Esta pregunta ha molestado a muchos marroquíes. Me persigue. Ahora está en la mente de todos. En todos los corazones. En todas las conciencias. Como un “yo acuso” de Émile Zola. Ya no podemos fingir que desconocemos las condiciones de vida de los más pobres. Los que hay que esconder. Creíamos que estaban muy lejos. Y, en cambio, los tenemos muy cerca. En el centro de la imagen y del acontecimiento. El terremoto los saca a la luz. En una miseria que se muestra ante todo el mundo. En vídeos que viajan a todas partes. Y que hacen llorar a mucha gente.
Pero hasta ahora no ha habido respuesta de aquellos a quienes iba dirigida esta pregunta.
El PIB de Marruecos no deja de crecer desde hace varios años. Pero el crecimiento económico no beneficia a todos. Lo sabíamos. Ahora, por culpa de este terremoto, lo vemos, comprendemos perfectamente la exclusión, la marginación. Y es insoportable. Insostenible.
Sentimos vergüenza. Siento vergüenza. Cuando me enteré de la noticia el sábado por la mañana, solo pensé en mi pequeño mundo. Las vidas de los otros no contaban tanto como las de mis seres queridos. Yo también he contribuido al sufrimiento del Marruecos pobre. Me olvidé de pensar inmediatamente en aquellos que siempre han sido olvidados.

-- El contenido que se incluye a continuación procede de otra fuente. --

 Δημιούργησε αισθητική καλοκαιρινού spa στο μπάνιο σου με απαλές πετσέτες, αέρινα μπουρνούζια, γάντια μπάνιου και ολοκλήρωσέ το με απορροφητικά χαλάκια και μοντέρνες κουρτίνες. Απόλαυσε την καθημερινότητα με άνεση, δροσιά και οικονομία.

Hace un año y medio, en un pequeño pueblo del norte de Marruecos, el pequeño Rayan cayó a un pozo. Su tragedia conmovió al mundo entero. Su triste destino reveló la dura vida y la absoluta precariedad de los pobres en Marruecos.

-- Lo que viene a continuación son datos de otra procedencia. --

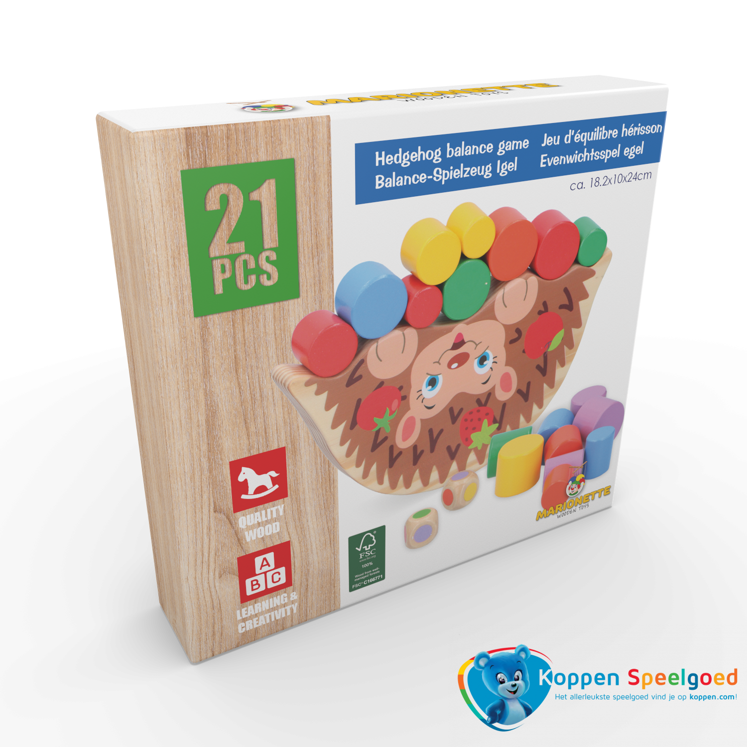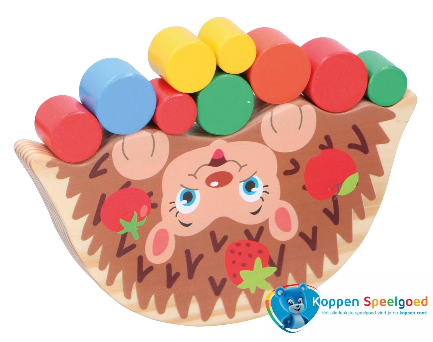 Houten balansspel in de vorm van een egel. Probeer zoveel mogelijk cilinders te stapelen en houd de egel in balans. Mooi speelplezier, duurzaam van FSC-hout.

Desde el viernes por la noche, el terrible terremoto nos ha obligado a mirar de nuevo a este otro Marruecos sumido en la miseria. El Marruecos que no tiene nada. Wallou [nada, en el árabe dialectal marroquí]. Pero esta vez no debemos conformarnos con una solidaridad superficial. Ahora algo tiene que cambiar. La mirada profunda del poder sobre sus propios ciudadanos.